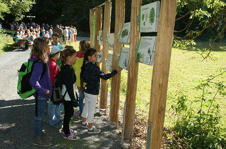 Bei Obersteinbach führt ein Rundkurs vor Augen, wie sich Tun und Lassen in der Forstwirtschaft auswirken können. Der Stationen-Weg wurde gestern eingeweiht. Am Sonntag sind viele Aktionen für Eltern mit Kindern geplant.
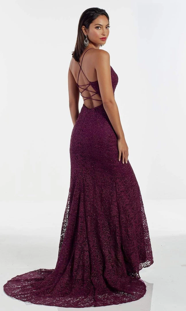 Make such an unforgettable sight at your opulent party when you unveil this classy Alyce Paris 60958 creation. Mesmerizingly crafted in full-length lace, this stunner presents a scoop neckline and a seam fitted bodice that is pulled together from the open back with crisscross spaghetti straps. The skirt is tailored to skim the hips before parting with a thigh-high leg slit as it finishes with a dramatic sweep train. Look as sultry as ever while revealing a sophisticatedly style in this Alyce Paris masterpiece. Model is wearing Black Cherry color.
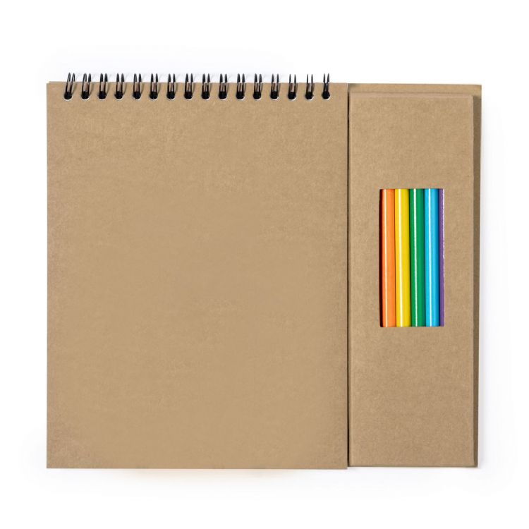 Fantastico set di matite e quaderni in cartone riciclato. Contiene un astuccio finestrato con 8 matite con fusto esagonale in vari colori e un quaderno ad anelli con 6 fogli di motivi naturali e 18 pagine bianche. (colore naturale)
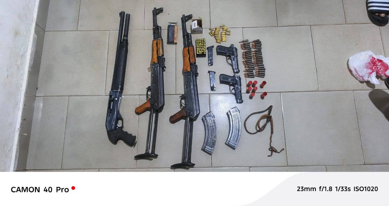 Several firearms and ammunition were also seized, including two AK-47 assault rifles, one pump-action gun, two pistols, 44 rounds of 32 ammunition, and 24 rounds of 9mm ammunition.
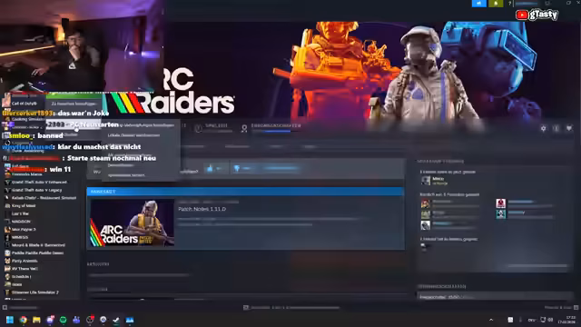 02:05:38Der Streamer will das Spiel Arc Raiders starten, stößt jedoch auf massive technische Schwierigkeiten. Der Startvorgang scheitert mehrmals an einem Anti-Cheat-System, das sich nicht beenden lässt. Er verbringt viel Zeit mit der Fehlersuche und erhält Ratschläge vom Chat. Nach einem Neustart von Steam und dem Schließen anderer Prozseme kann er das Spiel endlich erfolgreich starten. Der Streamer nutzt die Wartezeit, um seine Internetverbindung zu bewundern und einen Speedtest zu zeigen.
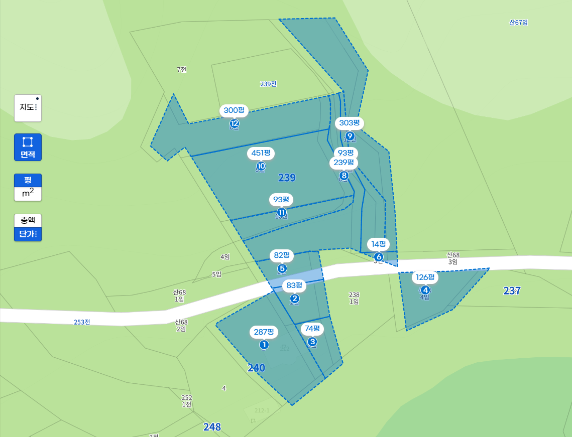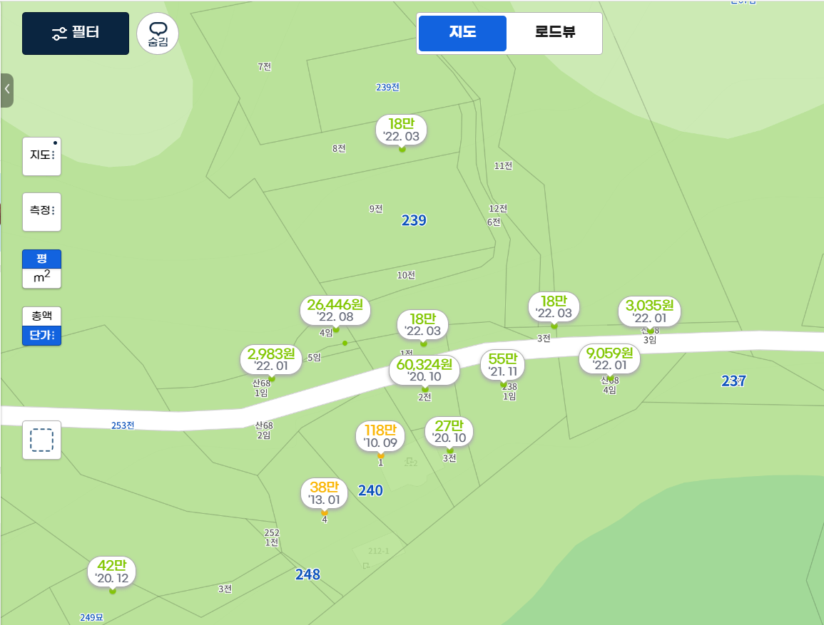 북측 토지주는 작년에 평당 18만 원에 토지를 매수했고, 동서 측 토지주가 동측의 산 68-3, 산 68-3을 매입한 가격은 만원이 안됩니다.
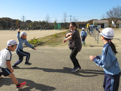 子供たちが一番楽しい相手は担任の先生。「先生の背中を狙え~」
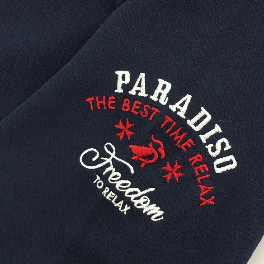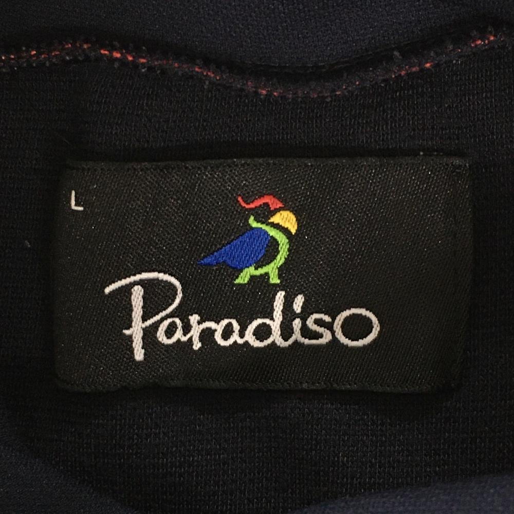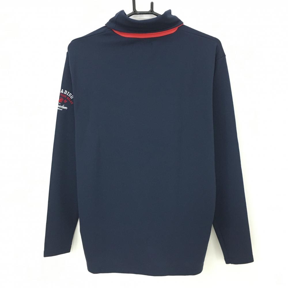 【美品】パラディーゾ 長袖ハイネックシャツ ネイビー ネック裏レッド系 ロゴ刺しゅう メンズ L ゴルフウェア Paradiso
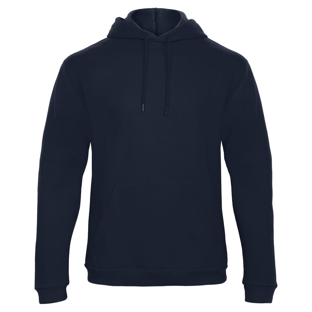 The B&C Men's Navy ID.203 50/50 Sweatshirt offers a blank canvas to adorn with your custom corporate logo. Everyone loves a simple hoodie and this sweatshirt is no exception with its kangaroo pockets and brushed fleece inside for added comfort and warmth. The sweatshirt is tough and will easily resist both tear and the cold - and with the hood, you have for yourself, an item, that when logoed, will certainly drive in through some traffic.
====
▸ **Goal of the exercise**
Copy each line above exactly. Images do not belong in the copy.

▸ **Result of the exercise**
 Bei Obersteinbach führt ein Rundkurs vor Augen, wie sich Tun und Lassen in der Forstwirtschaft auswirken können. Der Stationen-Weg wurde gestern eingeweiht. Am Sonntag sind viele Aktionen für Eltern mit Kindern geplant.
 Make such an unforgettable sight at your opulent party when you unveil this classy Alyce Paris 60958 creation. Mesmerizingly crafted in full-length lace, this stunner presents a scoop neckline and a seam fitted bodice that is pulled together from the open back with crisscross spaghetti straps. The skirt is tailored to skim the hips before parting with a thigh-high leg slit as it finishes with a dramatic sweep train. Look as sultry as ever while revealing a sophisticatedly style in this Alyce Paris masterpiece. Model is wearing Black Cherry color.
 Fantastico set di matite e quaderni in cartone riciclato. Contiene un astuccio finestrato con 8 matite con fusto esagonale in vari colori e un quaderno ad anelli con 6 fogli di motivi naturali e 18 pagine bianche. (colore naturale)
 Several firearms and ammunition were also seized, including two AK-47 assault rifles, one pump-action gun, two pistols, 44 rounds of 32 ammunition, and 24 rounds of 9mm ammunition.
 02:05:38Der Streamer will das Spiel Arc Raiders starten, stößt jedoch auf massive technische Schwierigkeiten. Der Startvorgang scheitert mehrmals an einem Anti-Cheat-System, das sich nicht beenden lässt. Er verbringt viel Zeit mit der Fehlersuche und erhält Ratschläge vom Chat. Nach einem Neustart von Steam und dem Schließen anderer Prozseme kann er das Spiel endlich erfolgreich starten. Der Streamer nutzt die Wartezeit, um seine Internetverbindung zu bewundern und einen Speedtest zu zeigen.
 북측 토지주는 작년에 평당 18만 원에 토지를 매수했고, 동서 측 토지주가 동측의 산 68-3, 산 68-3을 매입한 가격은 만원이 안됩니다.
 子供たちが一番楽しい相手は担任の先生。「先生の背中を狙え~」
 【美品】パラディーゾ 長袖ハイネックシャツ ネイビー ネック裏レッド系 ロゴ刺しゅう メンズ L ゴルフウェア Paradiso
 The B&C Men's Navy ID.203 50/50 Sweatshirt offers a blank canvas to adorn with your custom corporate logo. Everyone loves a simple hoodie and this sweatshirt is no exception with its kangaroo pockets and brushed fleece inside for added comfort and warmth. The sweatshirt is tough and will easily resist both tear and the cold - and with the hood, you have for yourself, an item, that when logoed, will certainly drive in through some traffic.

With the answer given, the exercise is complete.